FIS announced the launch of ClearEdge, a subscription-based core banking product targeted at community banks, per Finovate. With this cloud-based product, FIS departs from the traditional, on-premise model for core banking, bundling technologies into a platform offered as a service for a monthly fee.
The model shortens contract terms, as well as eliminates exclusivity agreements and damages charged for terminating a contract. ClearEdge dovetails with
- CodeConnect,
- FIS's API marketplace,
enabling cafe-style integrations from an ecosystem of vendors, fintechs, and the banks themselves. While this model could open up FIS core integrations to competition, it will help the company retain financial institution (FI) clients by drawing them into a suite of services dependent on the FIS platform — much like Microsoft, Apple, and Google do with their offerings in consumer and business software.
Dependence on entrenched core vendors has impeded digital transformation, especially for small FIs.
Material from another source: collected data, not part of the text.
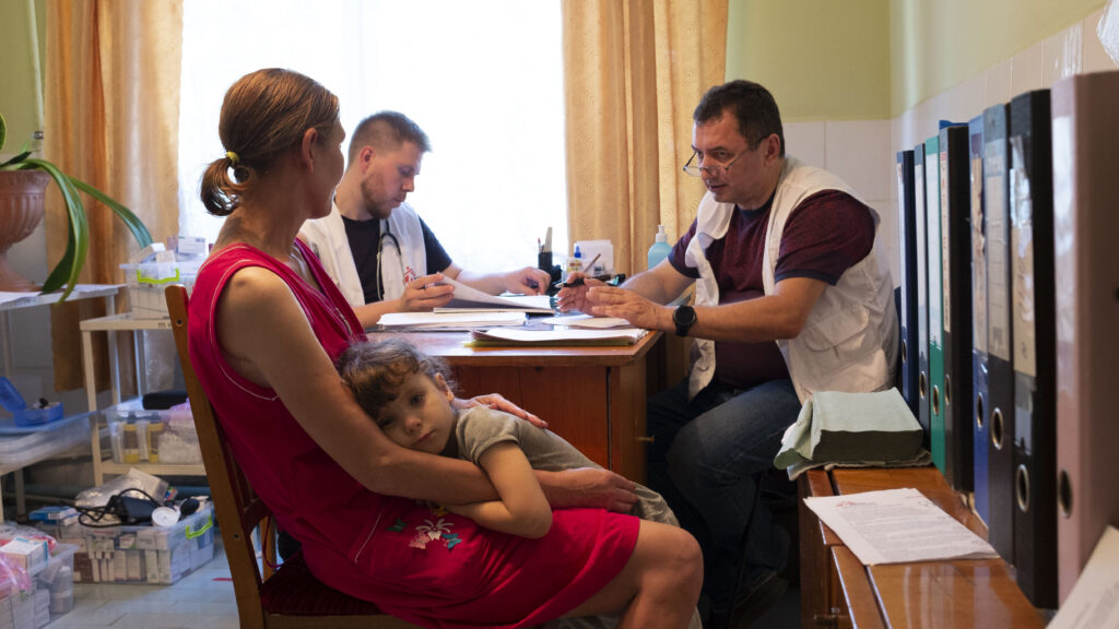 Медбрат Станіслав Крамський (ліворуч) і терапевт Олег Марченко (праворуч) «Лікарів без кордонів» оглядають дівчинку. Вона евакуювалася з мамою і сестрою з міста Оріхова до одного з прихистків Запоріжжя. Скаржиться на кашель і підвищену температуру, довгий час перебувала в підвалі під обстрілами в рідному місті.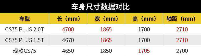 2.车身尺寸方面,CS75PLUS与现款车型差别不大,但是2.0T车型由于前后保险杠的造型差异,相比1.5T车型,在车身长度方面有所增加。整体来看,CS75PLUS的整车尺寸相比于同级别的竞品车型还是有一定优势的。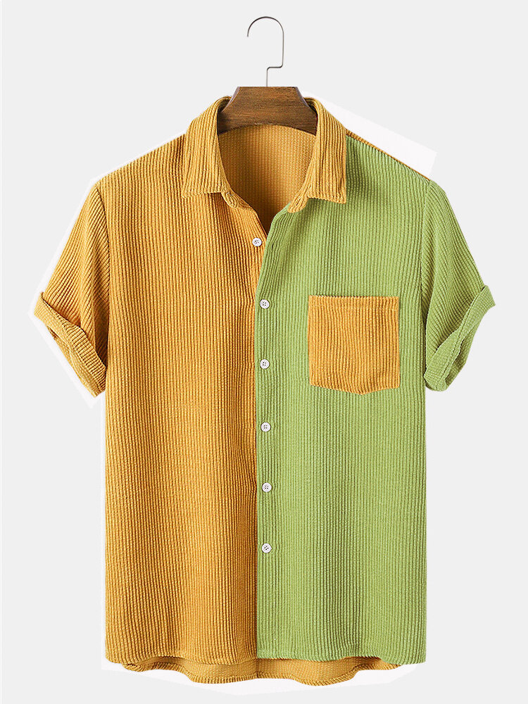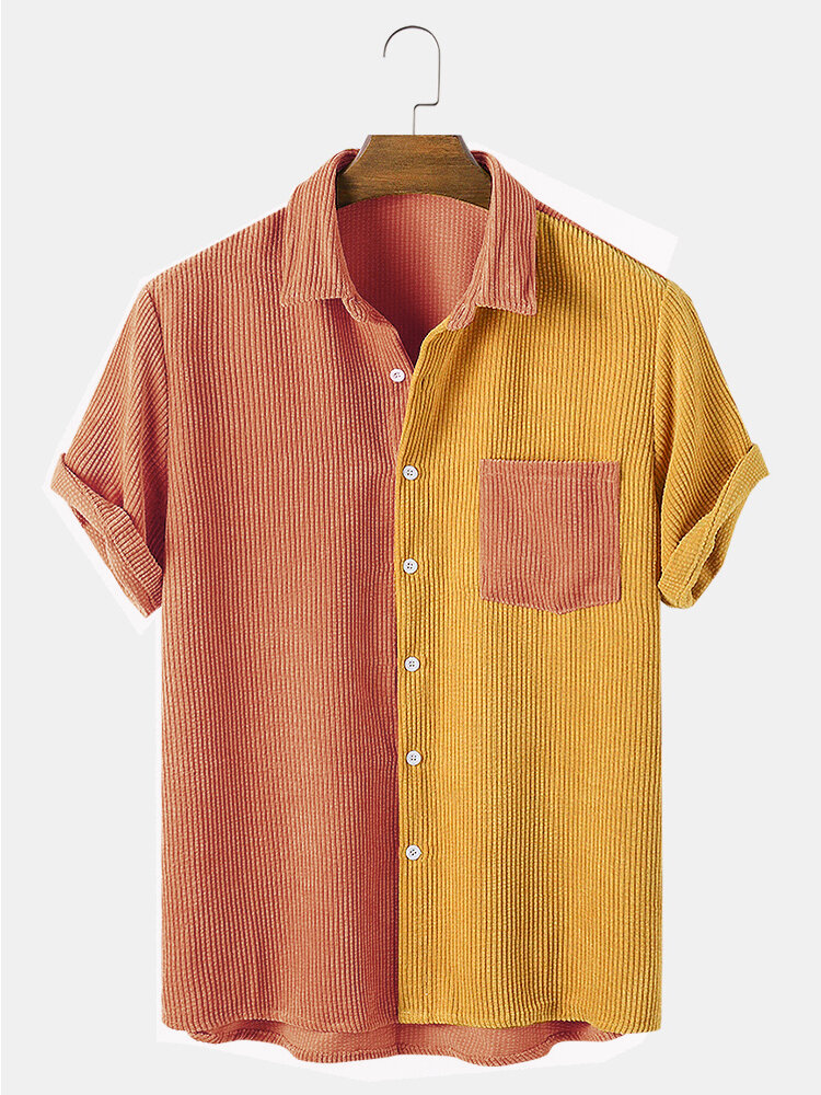 Mens Light Corduroy Patchwork Pocket Breathable Casual Shirts – Pink S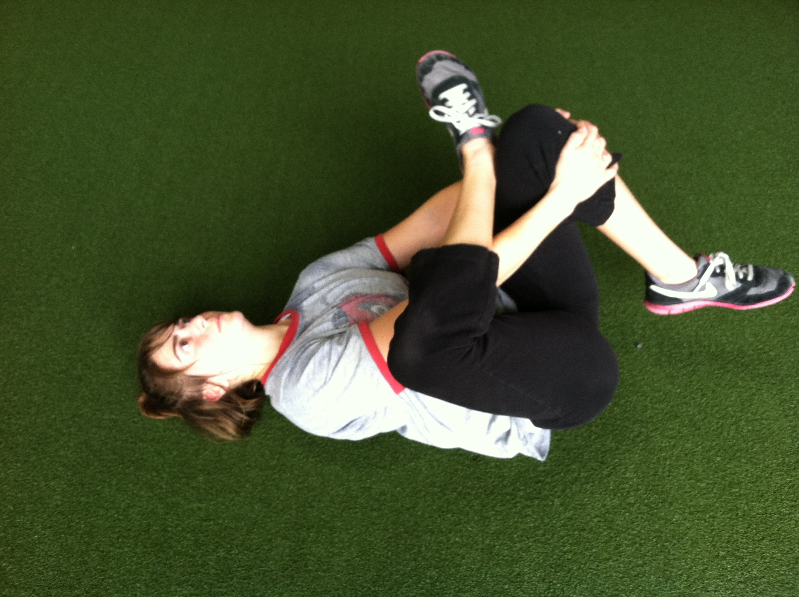 - Lying glute stretch – Lay on your back with your right knee bent and foot flat on the ground. Cross the left ankle over the right knee. Then grab behind either your right hamstring or in front of your right shin. Pull the right leg with the left foot across it unto your chest and then release. You should feel that in your glute. This stretch will make sure you are loose all around the hip joint! (I love doing the pigeon pose after my workouts as my static stretch!)
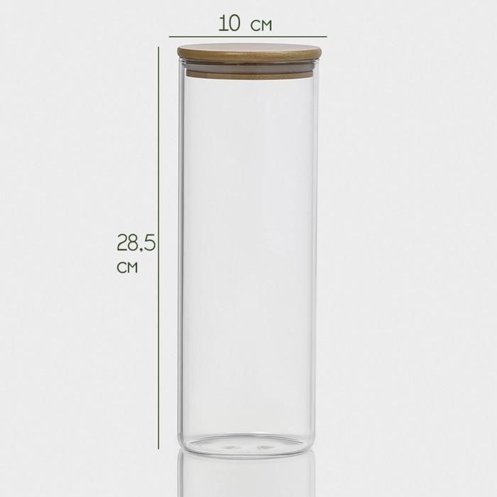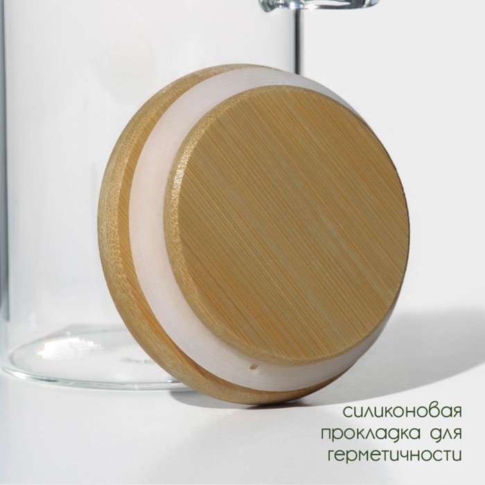 Банка для сыпучих Bella Tenero «Эко», 1.4 л, 10?25.5 см, с бамбуковой крышкой, стекло, прозрачнаяВопросы по товару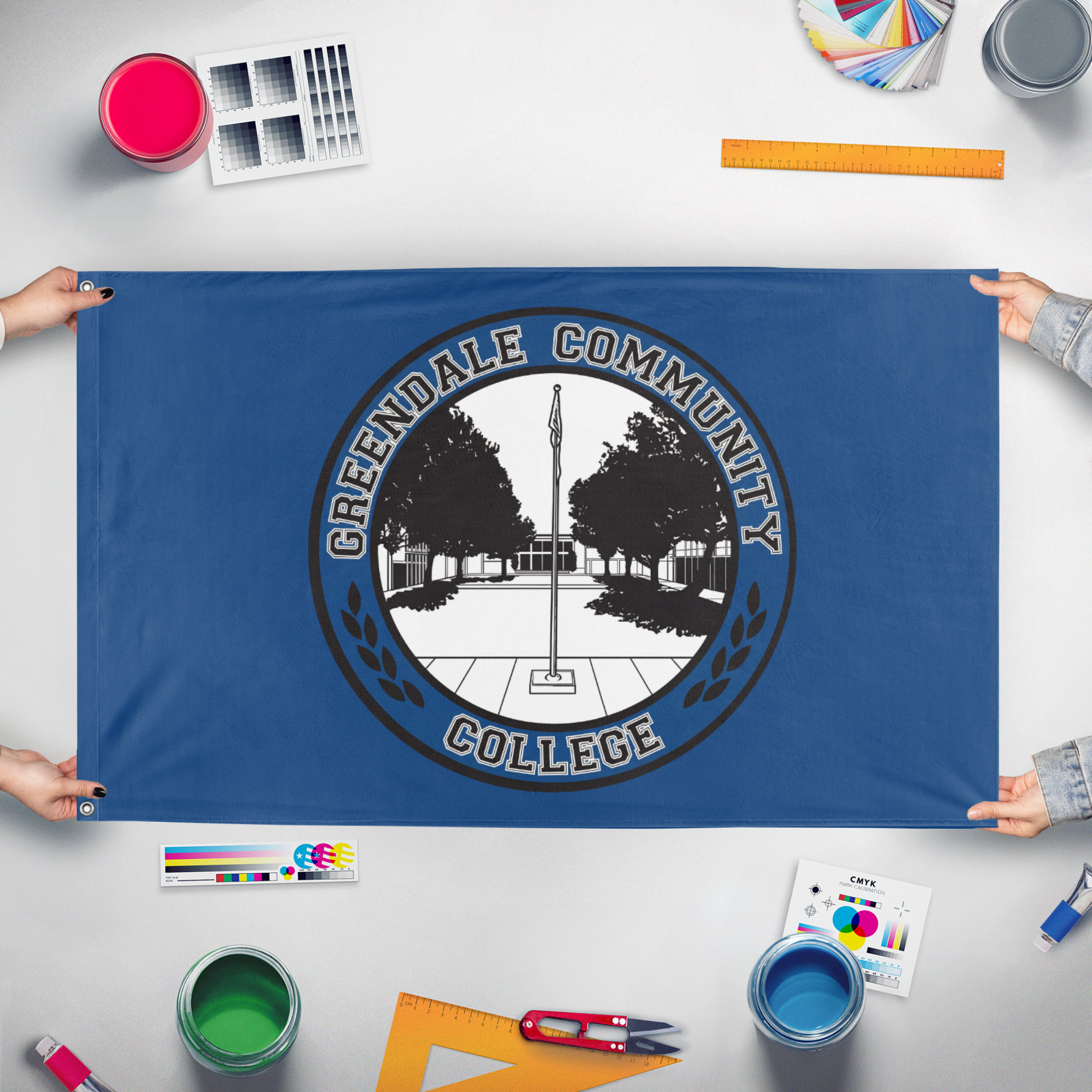 The Greendale Community College flag is a fictional institutional banner featured in the NBC sitcom Community (2009–2015), created by Dan Harmon and starring Joel McHale, Gillian Jacobs, Danny Pudi, Alison Brie, Yvette Nicole Brown, Donald Glover, Chevy Chase, and Ken Jeong. The flag displays a medium blue field charged with a circular academic seal bearing the words “GREENDALE COMMUNITY COLLEGE.” Within the seal is a stylized black-and-white illustration of the Greendale campus quad, framed by symmetrical trees and centered on a flagpole, symbolizing traditional collegiate imagery and civic pride. Laurel branches flank the lower portion of the seal, reinforcing the academic heraldry motif. The design reflects a conventional American community college emblem, employing a sober palette and institutional typography to evoke legitimacy and tradition.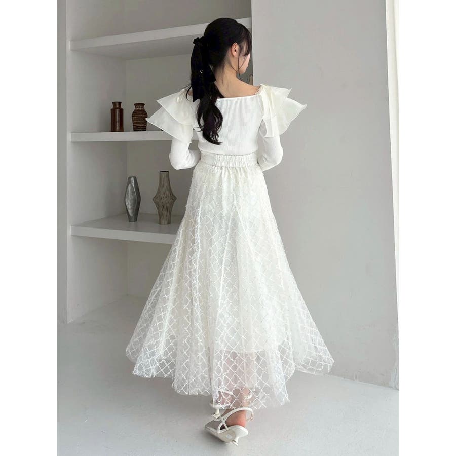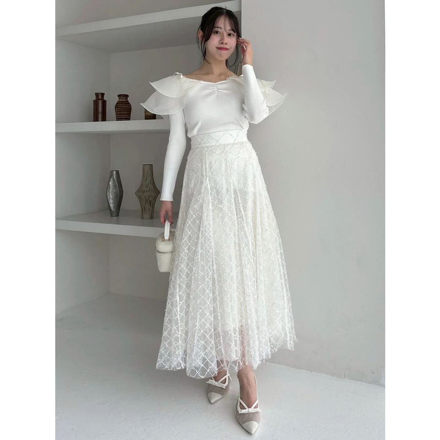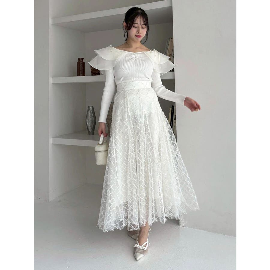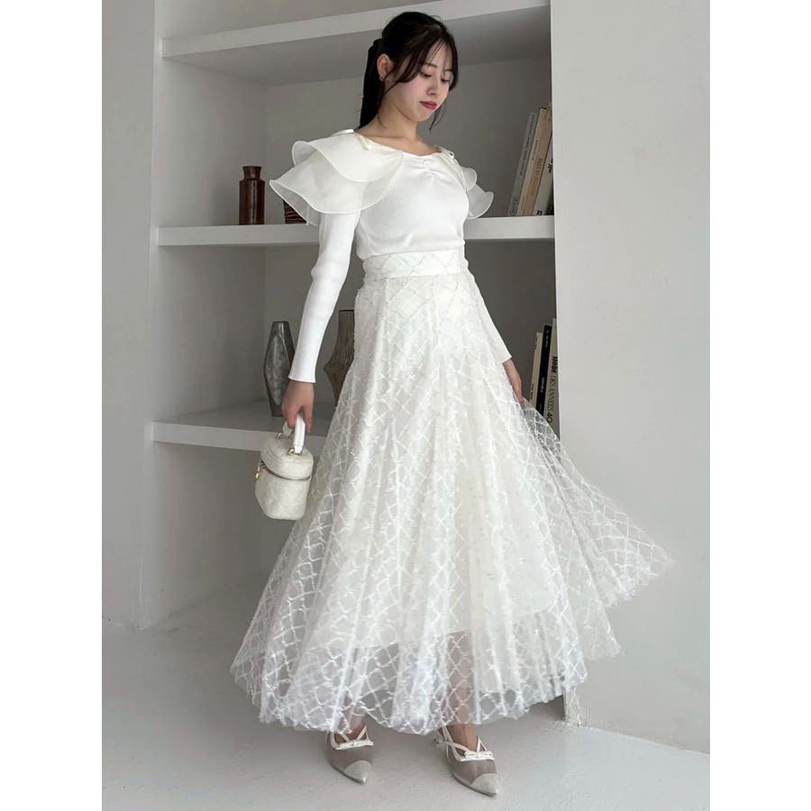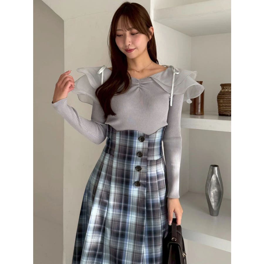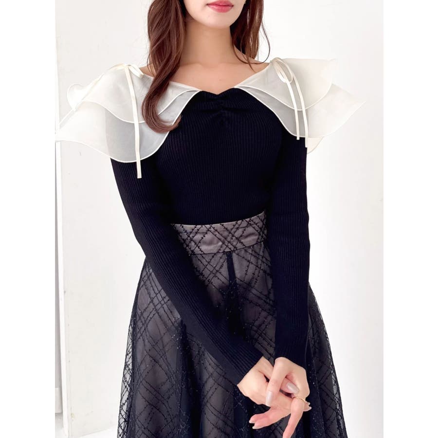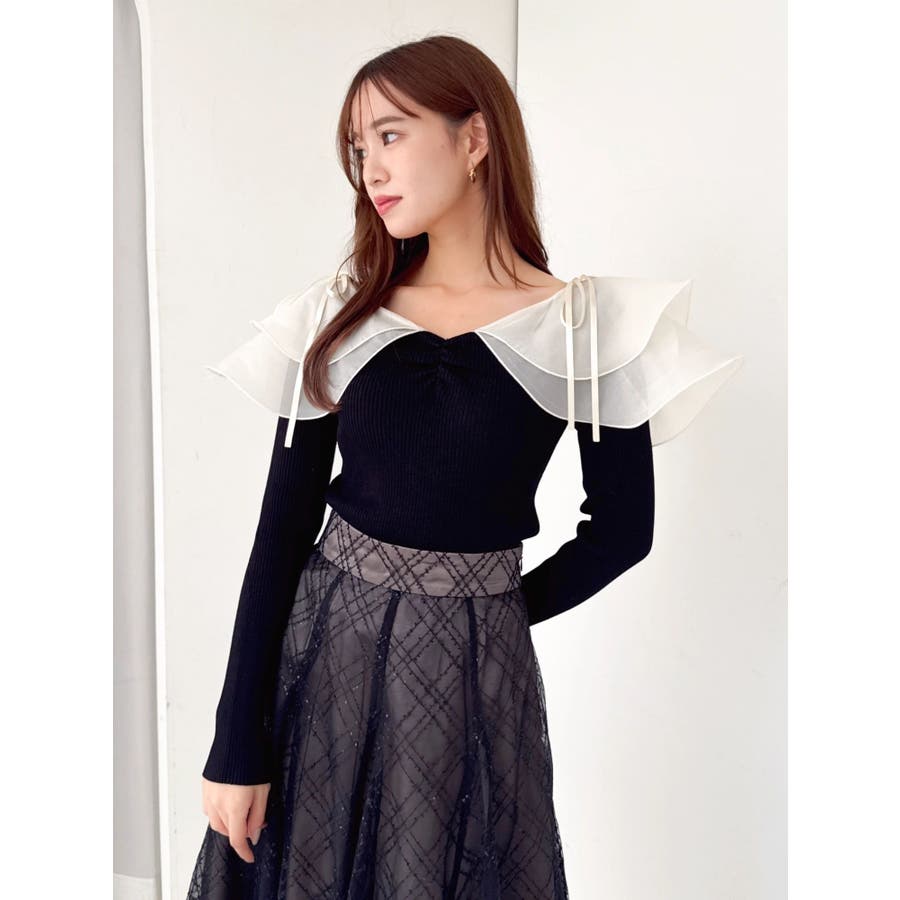 【商品】リブ編みでボディラインを引き締め、立体感のあるラッフルフリルを大胆に重ねたフェミニンニット。デコルテ~肩まわりをふんわり包むフリルが、二の腕をさりげなくカバーしつつ華奢見えを叶えてくれます。シアーの素材も軽やかで風が舞ったような軽やかなデザインがポイントです。【スタイリング】意匠素材スカートは勿論、今季トレンドのトレンチスカートなどもおすすめです。ハイウエストデザインとの組み合わせは特に美しいドレスシルエットを叶えてくれます。 ※実際にお届けする商品と仕様やサイズが異なる場合がございます。また生産の都合上、お届け時期が前後する場合がございます。【商品特徴】透け感:なし伸縮性:あり生地の厚さ:薄手サイズ感:普通裏地:なしポケット:なし

Fiserv, FIS, and Jack Henry dominate the North American market for core banking providers. Together, they reported revenues of more than $23 billion in 2019. There are over a dozen competitors offering similar services, but it has been hard to shake the power of vendors. It is costly to end contracts and replace on-premise systems — and risky, lest FIs interrupt services to customers. Small FIs in particular have struggled to keep up with the digital capabilities of their larger peers, stuck with outdated platforms that are difficult to upgrade.
A subscription model lowers risk and a cost barrier to upgrading core systems. Community banks and small credit unions have traditionally relied on on-premise core banking services from large vendors. When the vendor handles the infrastructure, the FI no longer bears the bulk of the expense of an upgrade. The transition to private clouds shifts FIs' cost away from paying to maintain infrastructure to paying for access to infrastructure and relevant software — covering compliance, payments processing, bill pay, fraud protection, and digital banking. And with the mid-pandemic economy putting pressure on budgets, a subscription-based investment is more viable than one with high upfront costs.
By offering Core Banking-as-a-Service, vendors insulate themselves against emerging competitors. Emerging cloud-based core providers like nCino are a threat to incumbents' relationships with FI customers of all sizes. And smaller FIs in particular will benefit from more intense competition between the legacy and insurgent core banking providers racing to develop more cost-effective and flexible digital platforms.